My Involvement

Matthew D. Wittmer
Last updated May 2021

Seeing the director’s cut of a documentary by Michael McNulty called Waco: The Rules of Engagement (the red-jacket, director’s cut released in 1998) is what started my interest in studying the property. That version of the documentary, as well as the mass produced version later released by Somford Entertainment, galvanized me with juxtapositions of survivor accounts and primary source video and photos taken throughout the raid, siege, and final fire.

Initially I was very interested in understanding more about how and why the building that the FBI and press always referred to as a ‘compound’ had been initially constructed. In 1999 I contacted some of the survivors of 1993 fire. I started visiting the property and in 2000 when survivors Clive and Edna Doyle were living there. I have continued to revisit the property and survivors ever since.

Survivor Clive Doyle states that the 1993 building at Mount Carmel was built starting around 1990 and was made to a significant degree from recycled lumber taken from dismantling smaller residential houses that had been built on the property back in 1957. Historical photographs prove this to be true. Part of the goal in tearing those small houses down to make a single building in 1990 was to construct a communal residential facility so elderly members didn’t to walk between houses. A central center would also create a more communal environment conducive for bible study sessions and communal living. According to Clive Doyle, oversight of the design and construction of the building was primarily directed by David Koresh. The people who knew the most about the history behind that building’s construction were those who had worked on it. Most of those people were killed between the raid on February 28th and the destruction on April 19th of 1993. The building’s design remains accessible only through the surviving photos and oral history as recalled by the survivors and those who had been inside of it.

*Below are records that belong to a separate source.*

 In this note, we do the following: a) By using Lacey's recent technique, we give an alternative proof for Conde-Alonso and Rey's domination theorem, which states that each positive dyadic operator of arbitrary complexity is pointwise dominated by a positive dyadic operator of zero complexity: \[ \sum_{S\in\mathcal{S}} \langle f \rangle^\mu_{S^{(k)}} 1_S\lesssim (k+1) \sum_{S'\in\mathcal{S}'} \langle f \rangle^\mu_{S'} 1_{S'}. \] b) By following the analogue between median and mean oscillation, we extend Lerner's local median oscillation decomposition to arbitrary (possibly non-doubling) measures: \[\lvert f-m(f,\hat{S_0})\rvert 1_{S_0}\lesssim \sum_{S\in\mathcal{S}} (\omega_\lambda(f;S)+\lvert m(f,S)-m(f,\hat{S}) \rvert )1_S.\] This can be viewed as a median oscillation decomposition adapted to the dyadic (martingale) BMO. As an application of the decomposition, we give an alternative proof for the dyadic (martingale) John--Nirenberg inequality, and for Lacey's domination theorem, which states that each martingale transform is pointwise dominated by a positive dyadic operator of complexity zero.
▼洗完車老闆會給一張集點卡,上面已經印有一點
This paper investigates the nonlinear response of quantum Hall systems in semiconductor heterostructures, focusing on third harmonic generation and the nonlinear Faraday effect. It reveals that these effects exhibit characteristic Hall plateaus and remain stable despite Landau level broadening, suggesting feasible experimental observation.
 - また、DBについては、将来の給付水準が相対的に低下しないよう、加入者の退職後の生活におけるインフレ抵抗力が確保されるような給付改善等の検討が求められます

Functions of the large building’s rooms changed as the complex was expanded as construction was always evolving up until the raid. The front lengthwise section of the building accommodated residential rooms. Other sections incorporated included a kitchen (behind the living quarters on the northern end), a gymnasium structure (located behind the chapel), a four-story residential tower to the south of the kitchen, a mill shop (to the north of the gym), and a swimming pool just behind the kitchen.

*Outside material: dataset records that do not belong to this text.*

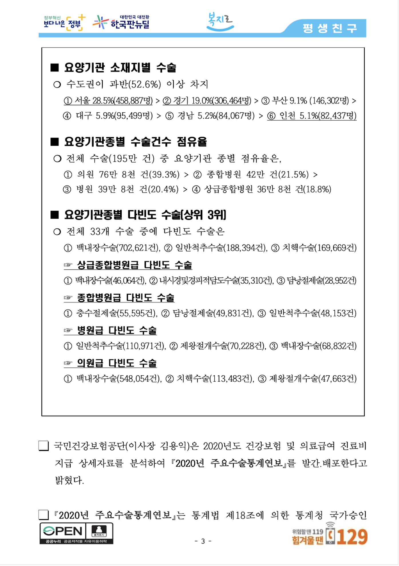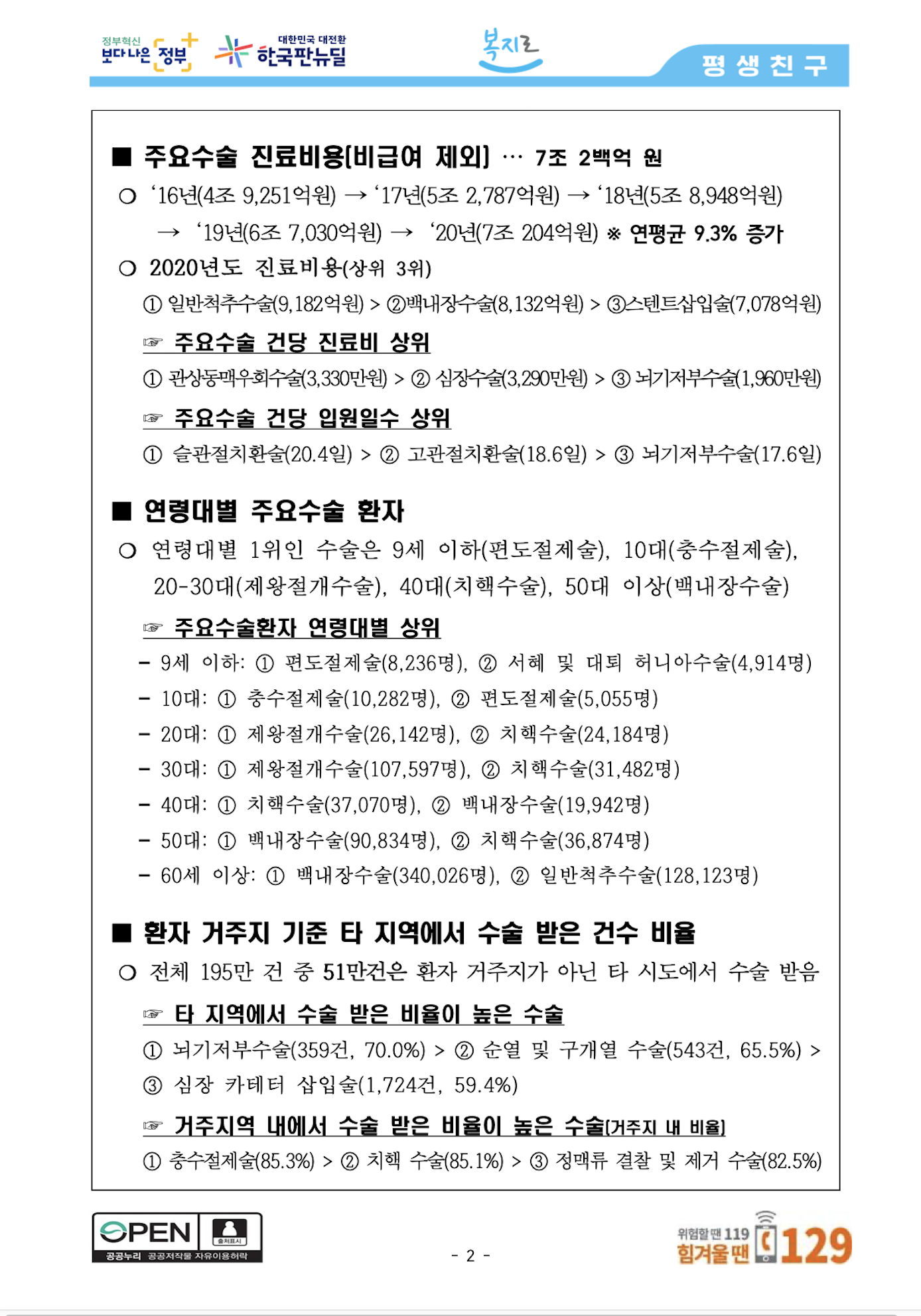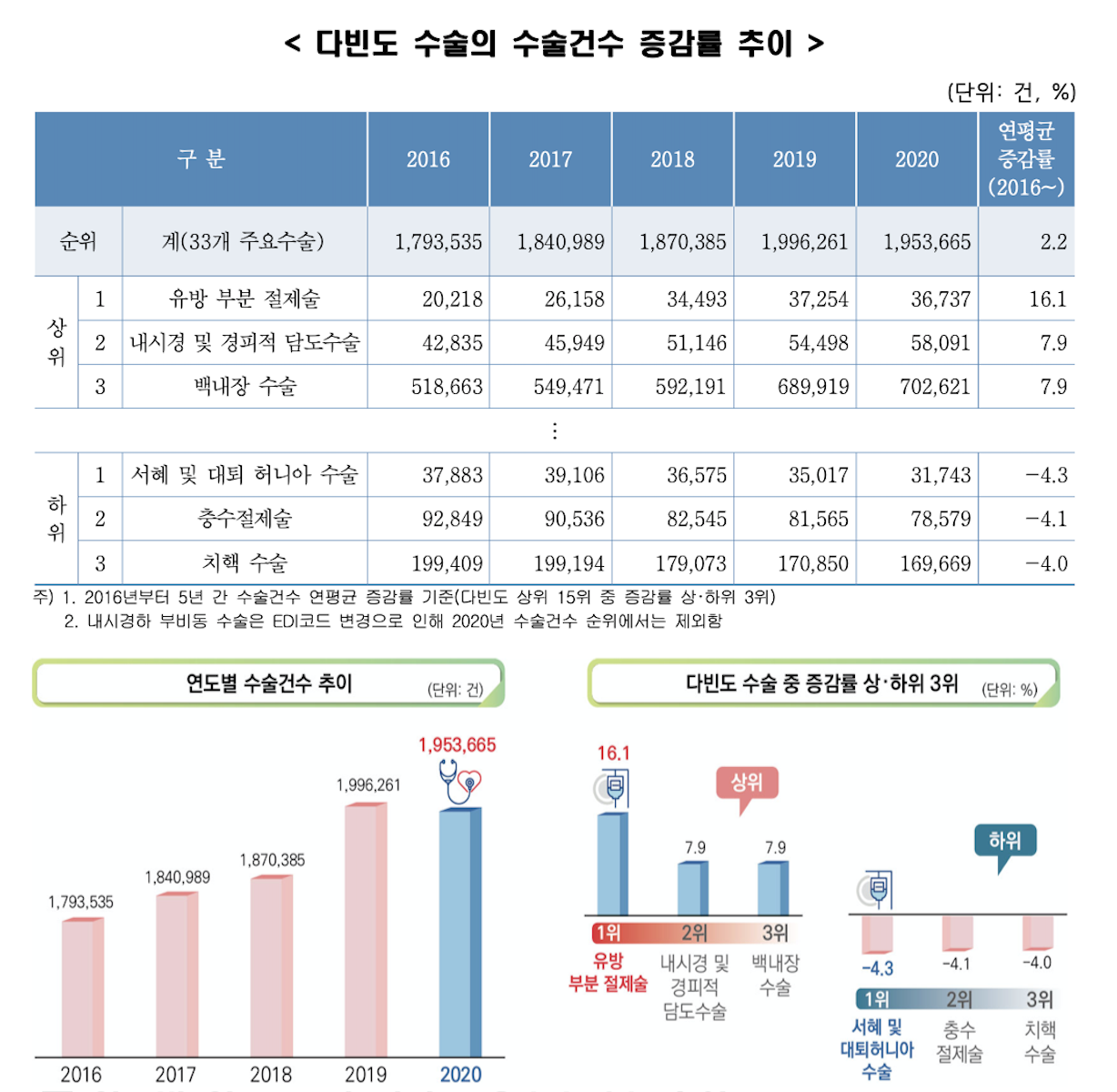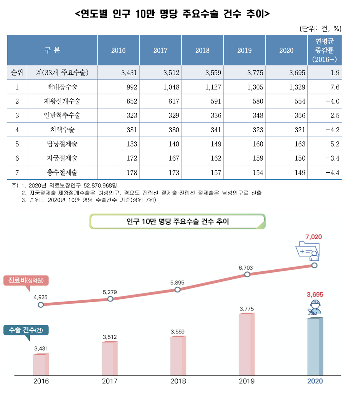 국민건강보험공단의 보도자료에 따르면, 2020년 가장 많이 받은 수술이 백내장 수술이었습니다.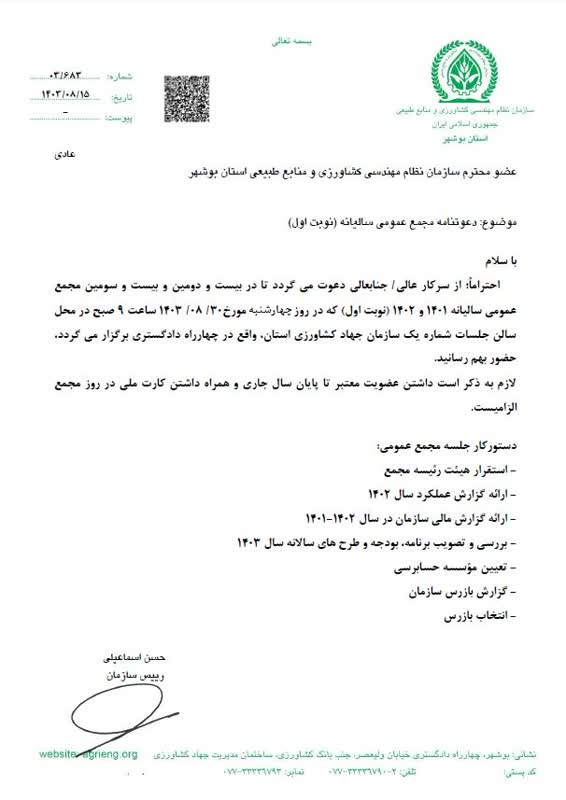 آگهی دعوت به مجمع عمومی عادی نوبت اول سازمان نظام مهندسی کشاورزی و منابع طبیعی استان بوشهر با سلام و احترام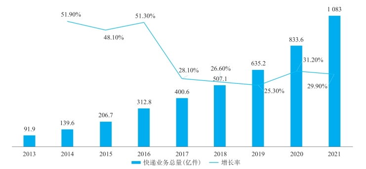 近年来,随着物流市场需求的快速提升,快递业务规模高速发展,如图12-6所示。2013—2021年,我国快递业务总量迅速增长,近两年增速虽有下降,但仍保持在20%以上的增长速度。2021年,全国快递服务企业业务量累计完成1 083.0亿件,同比增长29.9%。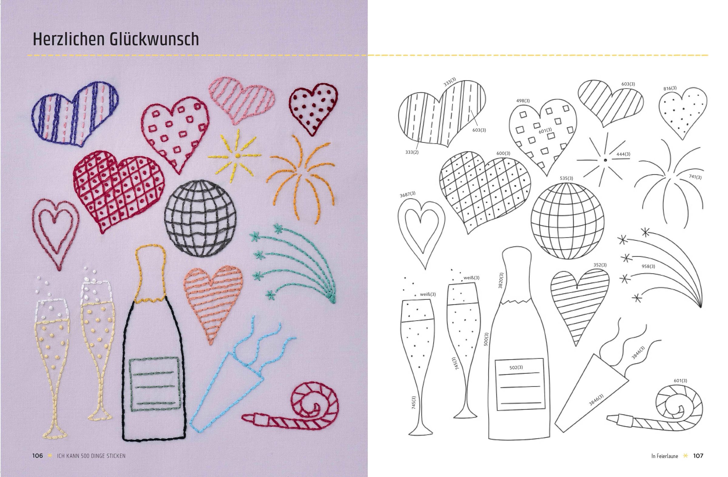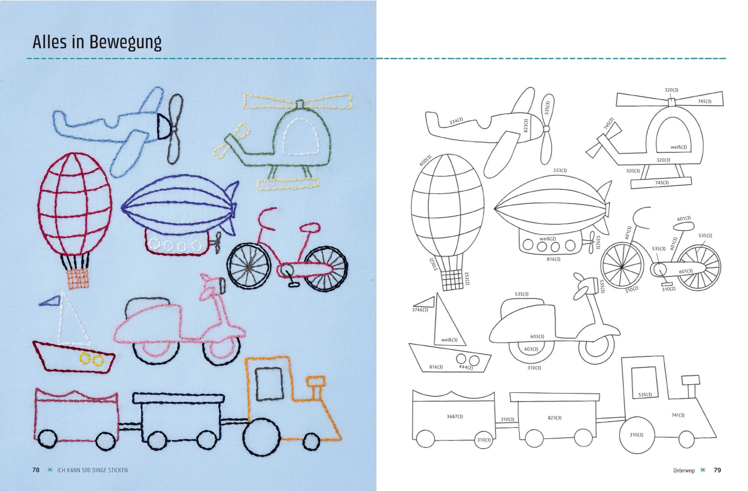 Ich kann 500 Dinge sticken. Witzige, süße, coole und freche Motive. Ganz einfach Schritt für Schritt nachzusticken. Blumen, Blüten, Blätter, Tiere, Logos, Schriften, Schmuckelemente u.v.m. Ideal für Kinder und Anfänger

Through developing observational drawings from video footage and photos of the complex, I constructed a model of the exterior of this series of buildings to better understand the layout and to provide a memorial model to the survivors. My model was installed on the Mount Carmel property in late 2000 in the property’s then Visitor’s Center Museum (created by Clive in 1998). The Visitor’s Center was in operation between 1998 and 2006 and was managed by Clive Doyle and Ron Goins. During that time it exhibited artifacts from the building, surviving photos of the life on the property prior to the siege, donated photos from family and friends of community members who lived there, defense exhibit photographs of the property, and event logs from survivor’s perspectives. See Photos from 2000 to see pictures I took of the event logs.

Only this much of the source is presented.